# Task instructions:
From the listing below, restate word for word the lines from the line containing "Det är bara" down through the line containing "Camaron crudo 200". Exclude pictures.

# Records shown:
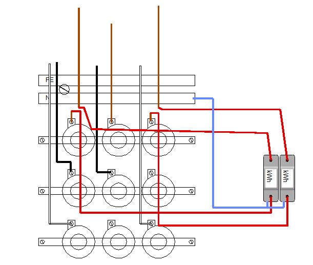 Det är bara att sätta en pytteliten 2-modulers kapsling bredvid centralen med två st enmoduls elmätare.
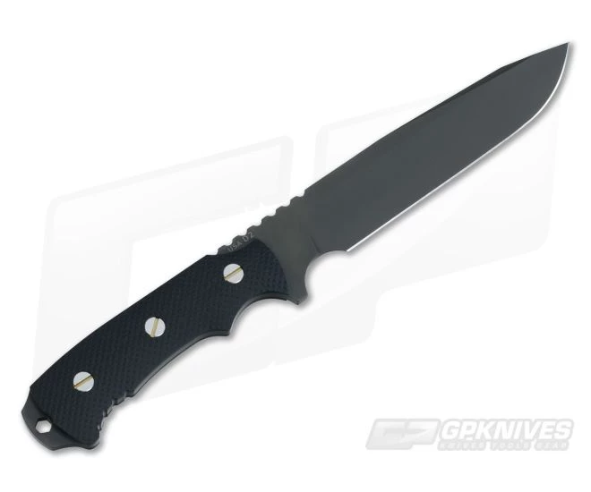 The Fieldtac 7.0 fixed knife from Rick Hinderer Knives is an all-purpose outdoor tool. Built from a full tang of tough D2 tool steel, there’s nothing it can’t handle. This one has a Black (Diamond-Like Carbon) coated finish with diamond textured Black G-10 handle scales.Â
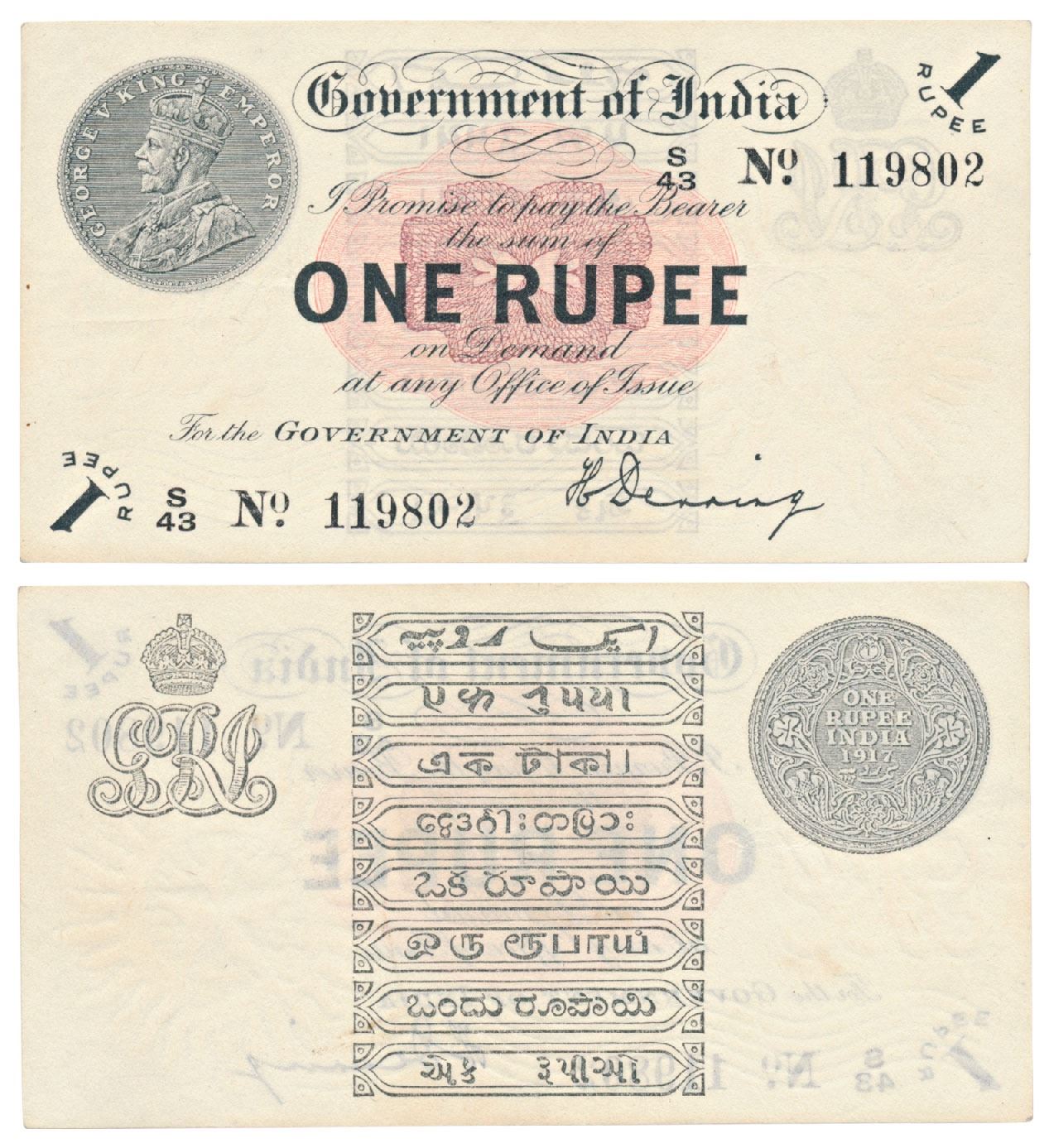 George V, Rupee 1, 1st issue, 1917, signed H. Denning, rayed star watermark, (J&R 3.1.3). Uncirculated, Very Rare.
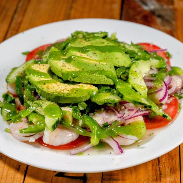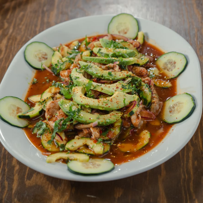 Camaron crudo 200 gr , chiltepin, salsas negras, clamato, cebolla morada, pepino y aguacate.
* * *
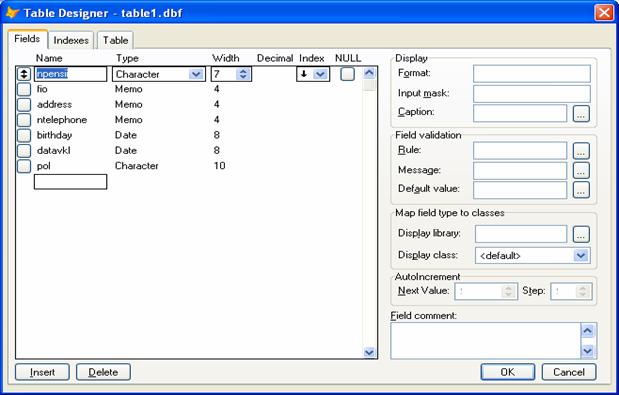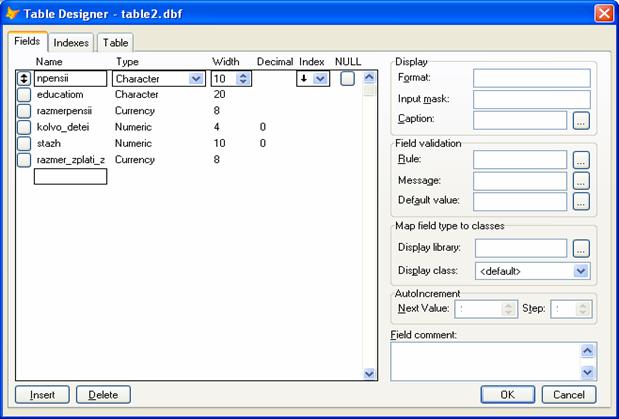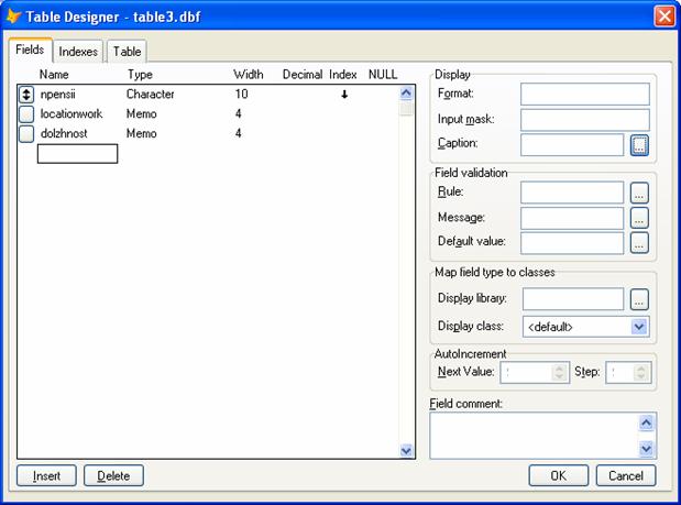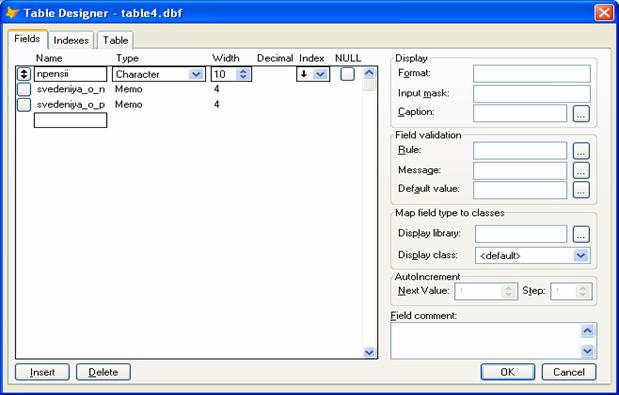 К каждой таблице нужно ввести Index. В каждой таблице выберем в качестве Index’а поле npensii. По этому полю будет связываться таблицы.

# Output for this exercise:
 Det är bara att sätta en pytteliten 2-modulers kapsling bredvid centralen med två st enmoduls elmätare.
 The Fieldtac 7.0 fixed knife from Rick Hinderer Knives is an all-purpose outdoor tool. Built from a full tang of tough D2 tool steel, there’s nothing it can’t handle. This one has a Black (Diamond-Like Carbon) coated finish with diamond textured Black G-10 handle scales.Â
 George V, Rupee 1, 1st issue, 1917, signed H. Denning, rayed star watermark, (J&R 3.1.3). Uncirculated, Very Rare.
 Camaron crudo 200 gr , chiltepin, salsas negras, clamato, cebolla morada, pepino y aguacate.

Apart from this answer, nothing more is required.